DEPARTAMENTO DE PSICOLOGIA

DOCENTE: Ana Karenina de Arraes

DISCENTE: Wanessa Beatriz da Costa Mendonça

Nos caminhos dos personagens de mim mesma troco de roupa na busca do outfit perfeito,
entre o atual e o que necessário for a minha sobrevivência aprendo a me camuflar: às
maquiagens e a mulheridade dos cabelos, me agarro às mínimas oportunidades de ascensão,
quero desesperadamente apagar o alvo que sinto em minha testa, sustento o sorriso amarelo,
às pérolas e a doçura quase virginal, me perco tanto nesse labirinto que agora me convidam
para a mesa dos algozes.

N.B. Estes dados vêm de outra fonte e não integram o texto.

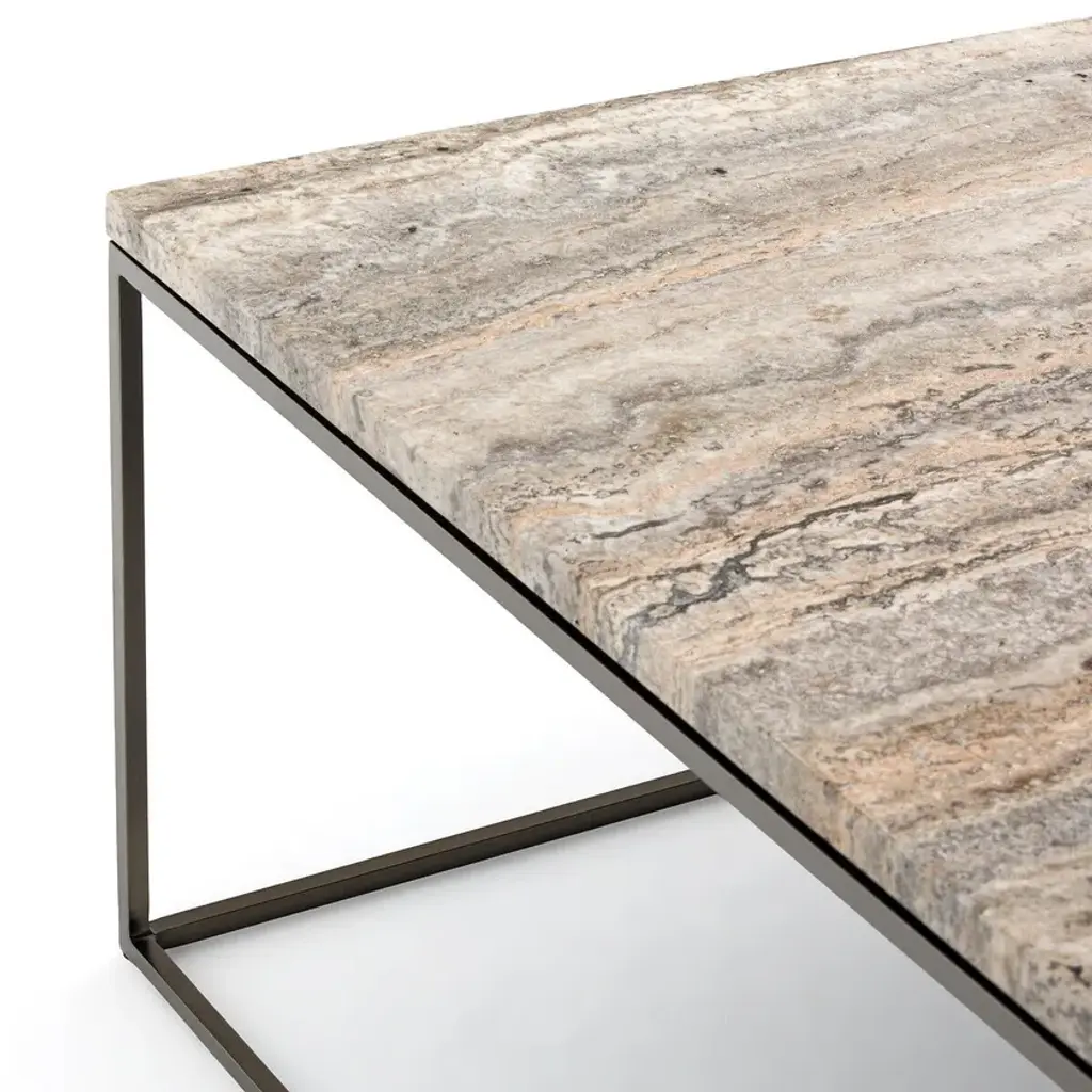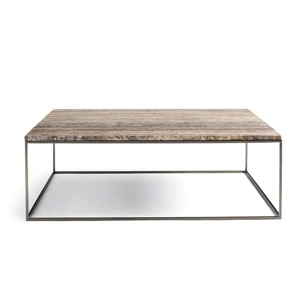The Mahaut coffee table combines elegance and simplicity with the combination of a grey travertine top and a very fine metal frame.Metal frame in blackened nickel finishGrey travertine topEach piece is unique

Sinto o rachar da pele, a roupa de renda que prende na quina do
móvel da sala e desmancha a caminho da sala de jantar, quando já a mesa sinto algo pingar,
não sei se suor ou o sangue do Dorian Gray que fiz de mim enquanto embolo nas palavras.
Respiro fundo. Pensamento acelerado, maquino a mil por hora, neuroticamente em espiral
tento decidir: abandono agora às máscaras craqueladas e roupas desfiadas? Abdico do lugar a
mesa? Antes mesmo da conclusão percebo que é tarde demais, todos enxergam além da roupa
mal cabida. Sinto que me pegam e me arrastam a caminho da porta de entrada, deixo cair a
segunda pele que cobria meu rosto e os sapatos, me cortam os cabelos enquanto me gritam
“puta! sujando o nome da família!” Olho pros lados na esperança de defesa, nenhuma ajuda,
nem dos meus amigos, nem dos meus irmãos. Continuo a ser arrastada até que tudo que
sobrou ser lançado a calçada. Trancam a porta atrás de mim. Me encontro novamente na rua,
no escuro caminho em direção ao cruzamento onde me permito desabar, o que sobrou de mim
procura então fazer ninho no concreto. Me junto a outros bichos voantes que ali estavam na
missão de preservar as nossas asas, nos amalocamos.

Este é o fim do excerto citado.